Workers’ Compensation Denies Claim of Employee Blinded on the Job 

It is a sad fact, but the Workers’ Compensation Commission denies more claims than it approves. One recent story coming out of North Carolina proved though, that workers injured on the job should never stop trying to claim the benefits that are rightfully owed to them.  

“This is definitely a sad story,” says Whit Whitley of Whitley Law Firm, “and it is a shocking one, too. The fact that the Commission would deny someone that is going to have trouble finding work for the rest of his life is unconscionable.”  

It was in July of 2016 when George King was working at a rest stop in Dunn, North Carolina. DTH Contract Services had hired King, and the very scope of his employment showed just how dangerous his job was. His duties included keeping the restrooms clean, emptying the garbage, and looking for criminal activity to report to the police. He worked at the rest stop from 10:00 p.m. to 6:00 a.m. When he was not making his rounds, he was to stay in his office with the door locked.  
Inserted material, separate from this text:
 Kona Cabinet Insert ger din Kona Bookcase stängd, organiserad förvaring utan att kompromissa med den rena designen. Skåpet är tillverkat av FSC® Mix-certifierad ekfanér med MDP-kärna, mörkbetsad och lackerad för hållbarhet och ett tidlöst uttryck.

On this particular summer night, King was just finishing his rounds when a former employee attacked him, stabbing him in both eyes with a screwdriver. King was rendered permanently blind from the attack.  
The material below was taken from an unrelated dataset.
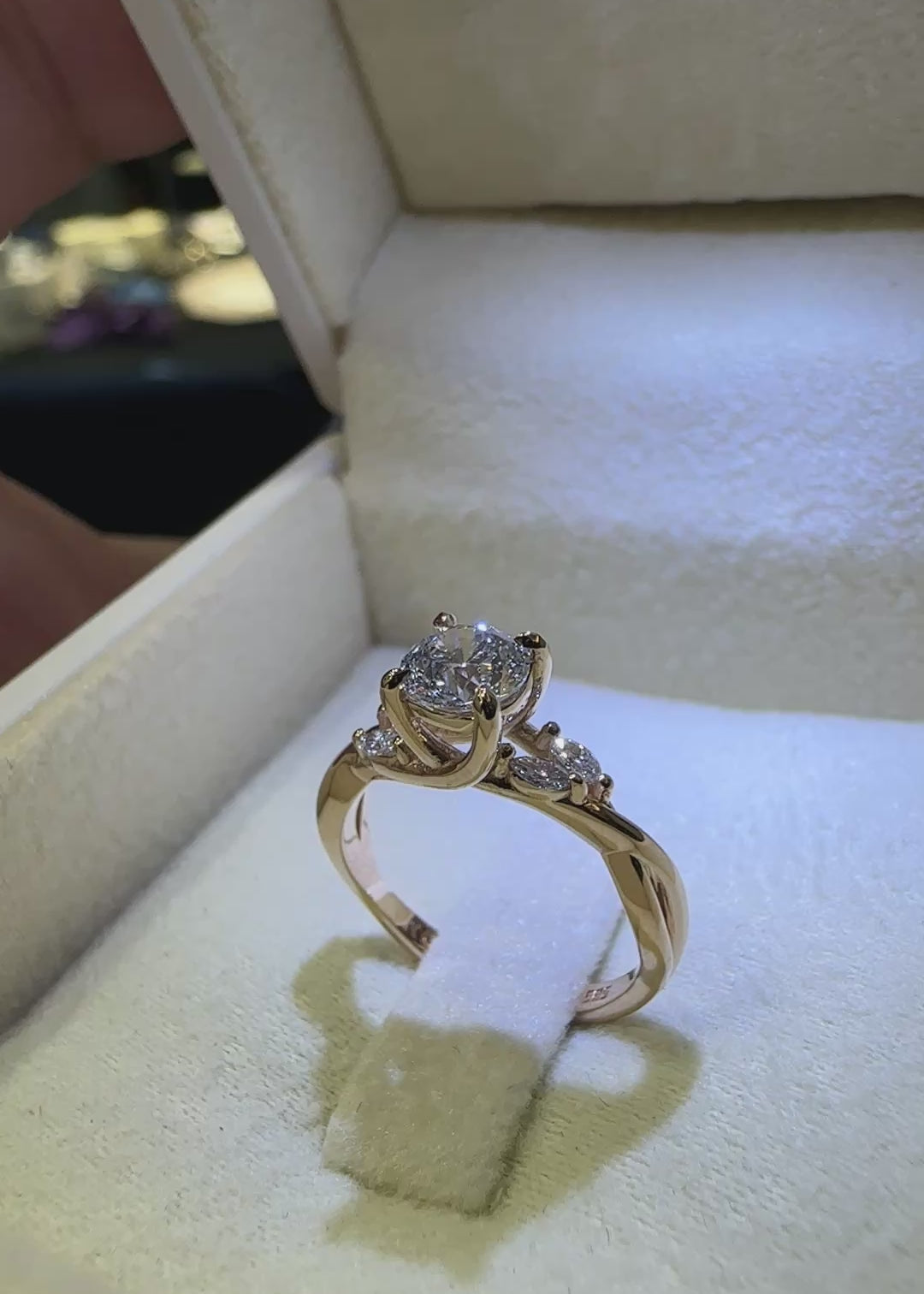 0.40 Karat Oval & 0.08 Karat Yuvarlak Kesim GIA/HRD Sertifikalı Tektaş Yüzük-RNF1422

King applied for workers’ compensation benefits after the attack, just as anyone should do after being injured on the job. Unfortunately, his claim was initially denied due to the fact that it was a former employee that attacked him. The Commission stated that the two knew each other and therefore, King could not prove the attack was due to personal reasons and not employment. The Commission made this argument even though King had stated previously that he did not recognize his attacker.  

It is a discouraging story for anyone wishing to file a workers’ compensation claim. This insurance is available to any worker injured on the job performing duties within the scope of their employment. Both of these factors apply to King’s situation. Even more so, the Commission could not prove that the motive for the attack had nothing to do with King’s employment.  
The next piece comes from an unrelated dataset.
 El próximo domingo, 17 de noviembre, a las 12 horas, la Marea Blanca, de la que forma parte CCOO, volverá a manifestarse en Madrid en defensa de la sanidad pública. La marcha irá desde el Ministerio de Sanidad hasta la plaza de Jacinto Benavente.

An appeals court in Virginia came to the same conclusion. They discredited the Commission’s denial based on the sole fact that the attack could have been personal. The court also determined that the Commission had not considered any other evidence. The court reversed the decision of the Commission and sent the request back to the Commission.  

King’s story is a good reminder for anyone applying for workers’ compensation benefits. Workers applying for workers’ compensation are far more likely to be denied on a first attempt than they are approved. King’s case just proves that any decision made is not necessarily final, and there are steps that can be taken to fight claims upon denial.